Did they match? Good! Now figure out which readmission visit is important. You want to look at the difference in time between the index visit and each readmission visit. If the difference is negative, ignore that readmission visit. It’s not a REadmission, it’s a PREadmission. You might not have any negative differences because the index visit is defined as the first visit. Or maybe you filtered out any visits prior to the index visit already. But if not, remember that I made a golden bow promise to you earlier. Here’s my delivery on that promise. A negative difference here is a fast and easy way to identify and eliminate visits occurred prior to the index visit.

Also ignore any difference that is larger than 90 days.Those may be bad news, but they occur too late to count in the 90 day readmission rate. Now you need to be a bit careful here. A 90 day readmission means that 90 days or fewer elapsed between the date of DISCHARGE from the index visit and the date of a readmission. So your calculation is just a bit more complicated than

- readmission date – index visit date

It’s actually

- readmission date – (index visit date + length of stay on index visit)

Oh, you did remember to keep the length of stay information? Of course, you did. That’s why you tied a string around your finger.

If the difference is a missing value, it’s because the date of the readmission is missing. The date of the readmission is missing because your patient had no other visits besides the index visit.

Finally, depending on your problem you might ignore any difference that is exactly zero. And here’s your last chance reminder. When you created the readmission visit data set, did you find an easy way to exclude the index visits? If not, this is your last chance reminder. The unfiltered index visits will show up here as a zero difference. It should be pretty easy to figure out which zero differences correspond to an index visit sneaking into the readmission visit data set and then getting merged back into itself. But easy only works if you make the effort here to look for it.

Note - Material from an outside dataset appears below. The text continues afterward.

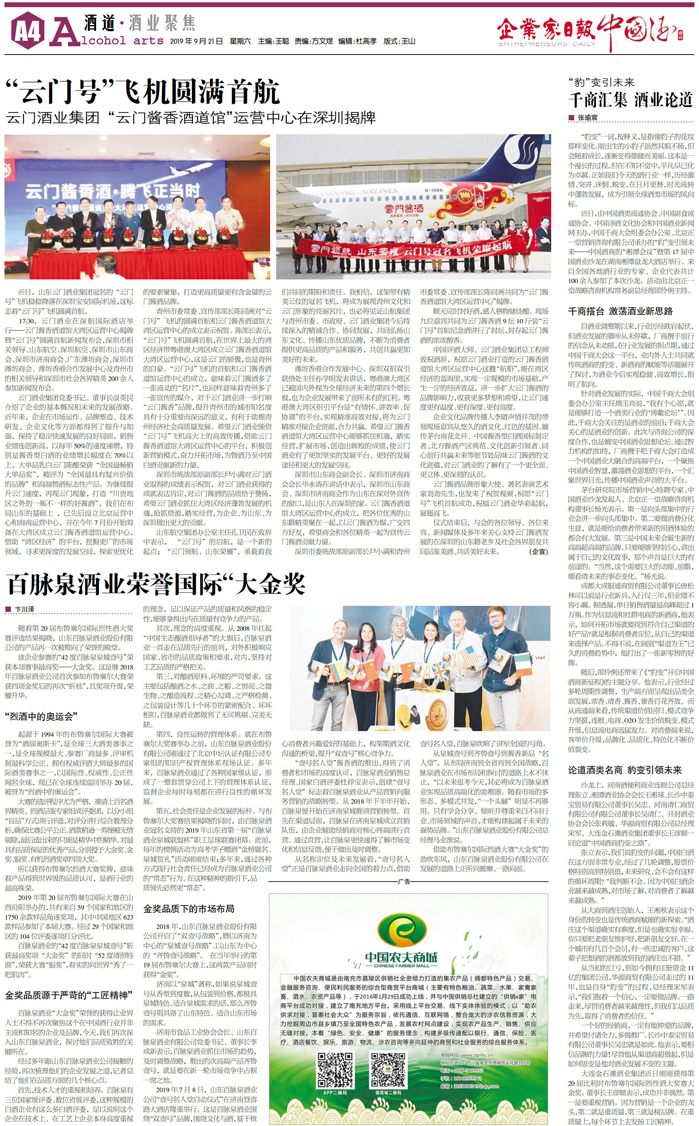 百脉泉酒业荣誉国际“大金奖

So those are all the disqualifications. Is there anything left? If yes, then count the patient as a readmission. Code this patient as a 1. If none of the readmission visits qualify, code this patient as a 0. The readmission rate is the number of patients with 1s and divide by the number of patients with 1s or 0s. If the number of 0s and 1s does not match your patient count, go back and fix things.

Wow! That was a lot of work and I was forced to be a bit vague about the details. But I want to emphasize one more time that you can’t make any progress on estimating a readmission rate until you first know how many patients you are working with. It’s an important quality check for all the tricky twists and turns that you took to get your answer and it ends up being your denominator in the readmission rate calculation. I told you it was important!